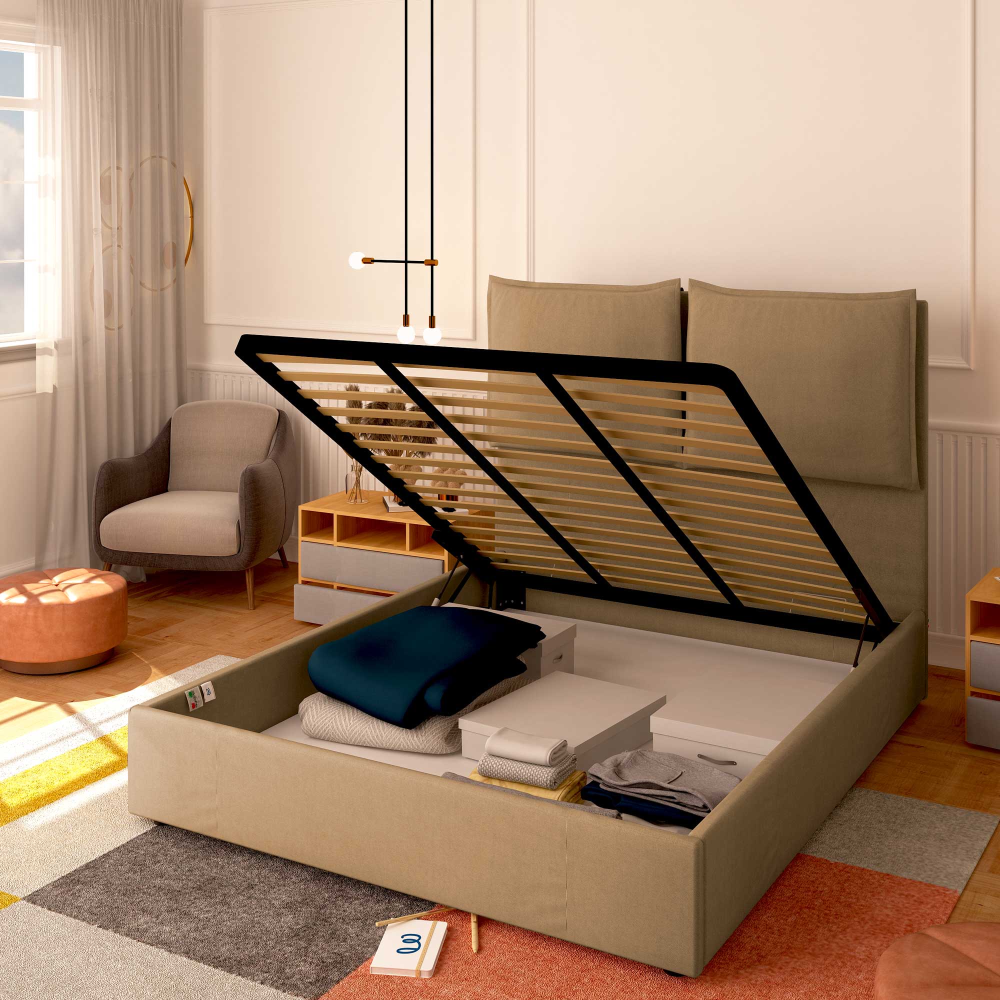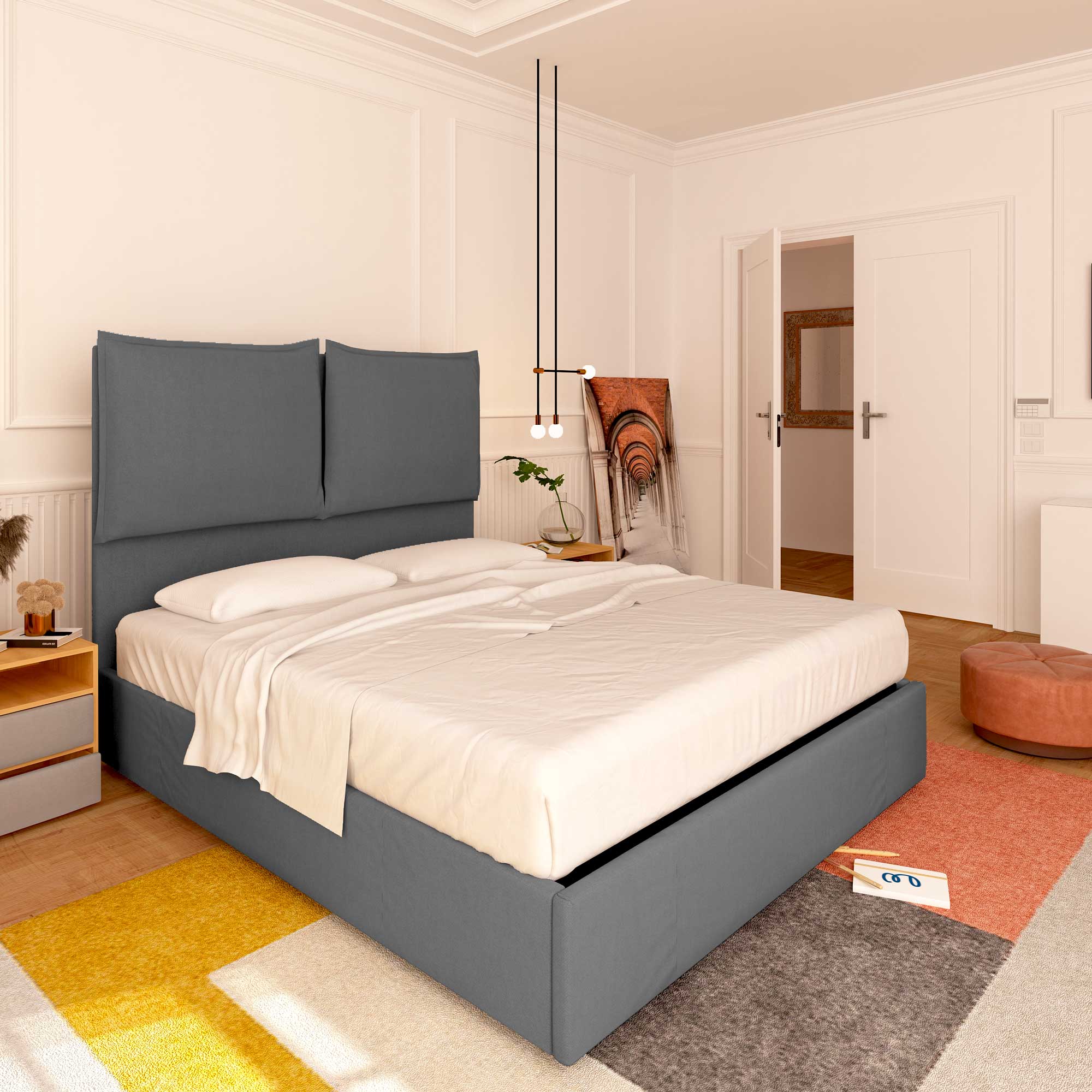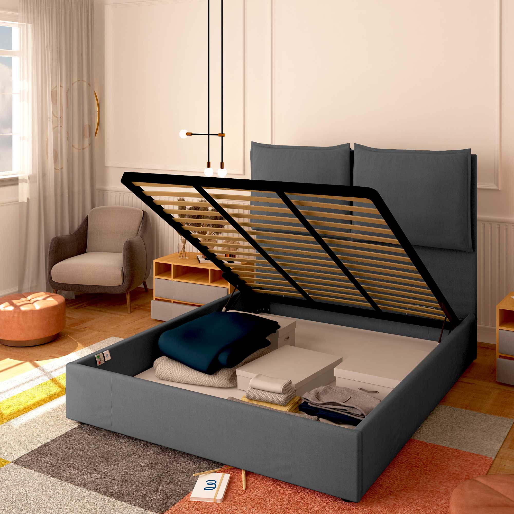 Le lit coffre king size en tissu déhoussable Licia XL permet d'exploiter l'espace sous le lit pour ranger couvertures, draps, couettes, vêtements et boîtes. Le sommier et le matelas se soulèvent facilement grâce à la poignée de prise. Le lit coffre est livré à domicile à monter, accompagné de simples instructions à suivre.
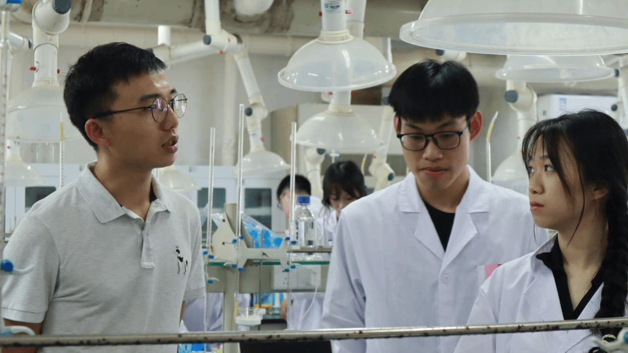 、化学工程与能源技术学院。参赛队伍把握每一分每一秒,有序地记录着每一个实验现象,规范地使用每一个实验器材,忙碌地计算着每一个实验数据。
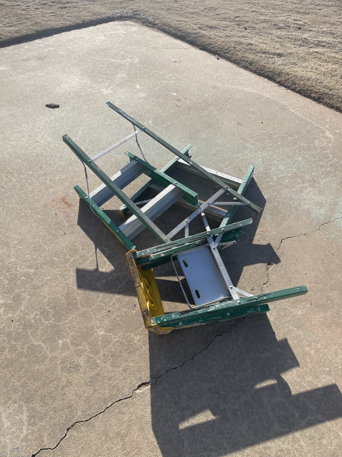 We are closing this bad boy out. I was released by my neuro surgeon this week and was told that he never wanted to see me again. . Thanks to everyone that wished me well. It was truly appreciated. I am not responsible for what I may have said in those 3 weeks that I was medicated. I honestly don’t remember much. Here a few pics. The scene of the crime, the ladder before and after. Meet Mr Sawzall biotch.
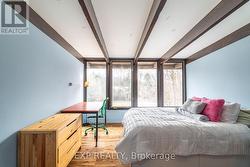 Welcome to 6165 19th Ave., Markham a truly unique country estate offering the best of both worlds: ultimate privacy and serene natural surroundings, all within minutes to modern conveniences. This warm and inviting 4-bedroom, 4-bathroom bungalow inspired by Frank Lloyd Wrights signature style is thoughtfully integrated into the landscape. Floor-to-ceiling windows along the back of the home flood the interior with natural light and provide breathtaking views of the wooded rolling lot and creek. The recently updated kitchen features poured-in-place concrete countertops and rich wood cabinetry. A built-in wall oven and a spacious walk-in pantry make it both beautiful and functional. And the kitchen boasts stunning views of the property including wildlife such as deer, foxes, turkeys, and a great heron. The great room is a showstopper, with soaring 20+ ft ceilings, exposed wooden beams and a natural granite stone wood-burning fireplace perfect for family gatherings or quiet romantic evenings in. The primary suite is a tranquil retreat, complete with a steam feature and jetted soaking tub in the ensuite and a wood burning fireplace. The home is fully wired with CAT-5 making it ideal for modern living. With two wood-burning fireplaces and an additional gas fireplace, warmth and comfort are never far away. Outside, the detached three-car garage with workshop and loft is a dream for hobbyists or those seeking extra space. With utilities already in place, the loft offers untapped potential and can be transformed into a games room, home office, or garden suite. The oversized patio and deck are perfect for entertaining including summer nights around the built-in gas firepit. Natural gas service, a rare feature for a country property, adds value and efficiency. Whether you're seeking a forever family home or a weekend escape, this one-of-a-kind property delivers charm, character, and lifestyle. Dont miss your chance to own this exceptional gem in Markham's countryside. (id:27)
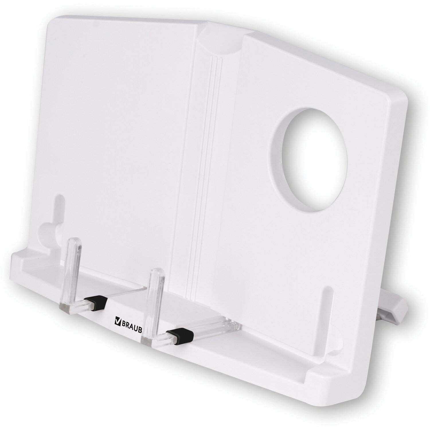 Подставка для книг и учебников BRAUBERG, регулируемый наклон, пластик, белая Код товара: 237445 789,44 ₽ Купить Производитель:BRAUBERG Подставка для книг BRAUBERG идеальна для книг, учебных материалов, презентаций и станет незаменимым помощником дома и в офисе. Лаконичный строгий дизайн прекрасно вписывается в интерьер дома и офиса. Регулируемый наклон позволяет максимально удобно располагать книгу или журнал на рабочем месте индивидуально для каждого читателя. Материал корпуса, основание и держатели страниц выполнены из прочного пластика. Прозрачные пластиковые держатели не закрывают текст и регулируются при разной толщине книг. Антискользящие вставки на ножке и держателях обеспечивают устойчивое расположение на любой поверхности. Благодаря качественным материалам подставка для книг, учебников, журналов прослужит долгое время.Производство: КитайНазначение: для журналов, для книг и учебников, для планшетовРегулируемый угол наклона: даДержатель для страниц: нижнийСерия: Solid+Материал корпуса: пластмассаВысота: 20.5 смШирина: 28.5 смЦвет: белыйУпаковка: картонная коробкаВес: 481 грРазмер упаковки: 7.8 × 28.9 × 20.9 смОбъём: 0.0053 м3Промежуточная упаковка: 24 штТранспортная упаковка: 24 штШтрих-код: 4606224277523 Сертификат-1.jpg Сертификат-2.jpg Сертификат-3.jpg
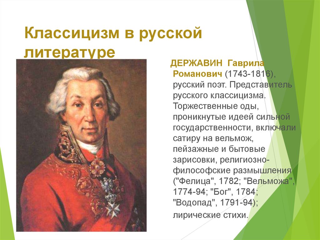 Сокрушительный удар по системе русского классицизма нанёс Гаврила Романович Державин, начинавший как поэт-классицист, но нарушивший в 1770-е гг.
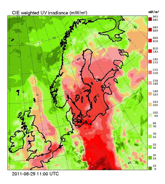 Förstora bildenUV-strålningens styrka kl 11 UTC (13 sommartid) den 29 juni 2011.
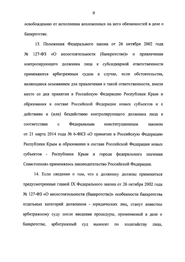 "ОБ УРЕГУЛИРОВАНИИ ОСОБЕННОСТЕЙ НЕСОСТОЯТЕЛЬНОСТИ (БАНКРОТСТВА) НА ТЕРРИТОРИЯХ РЕСПУБЛИКИ КРЫМ И ГОРОДА ФЕДЕРАЛЬНОГО ЗНАЧЕНИЯ СЕВАСТОПОЛЯ И О ВНЕСЕНИИ ИЗМЕНЕНИЙ В ОТДЕЛЬНЫЕ ЗАКОНОДАТЕЛЬНЫЕ АКТЫ РОССИЙСКОЙ ФЕДЕРАЦИИ"

----------

▶ [TASK DETAILS]:
Your response should consist solely of the lines from the line with "Förstora bildenUV-strålningens styrka" through the last line of the entries above, printed exactly and without pictures.

▶ [ANSWER BELOW]:
 Förstora bildenUV-strålningens styrka kl 11 UTC (13 sommartid) den 29 juni 2011.
 "ОБ УРЕГУЛИРОВАНИИ ОСОБЕННОСТЕЙ НЕСОСТОЯТЕЛЬНОСТИ (БАНКРОТСТВА) НА ТЕРРИТОРИЯХ РЕСПУБЛИКИ КРЫМ И ГОРОДА ФЕДЕРАЛЬНОГО ЗНАЧЕНИЯ СЕВАСТОПОЛЯ И О ВНЕСЕНИИ ИЗМЕНЕНИЙ В ОТДЕЛЬНЫЕ ЗАКОНОДАТЕЛЬНЫЕ АКТЫ РОССИЙСКОЙ ФЕДЕРАЦИИ"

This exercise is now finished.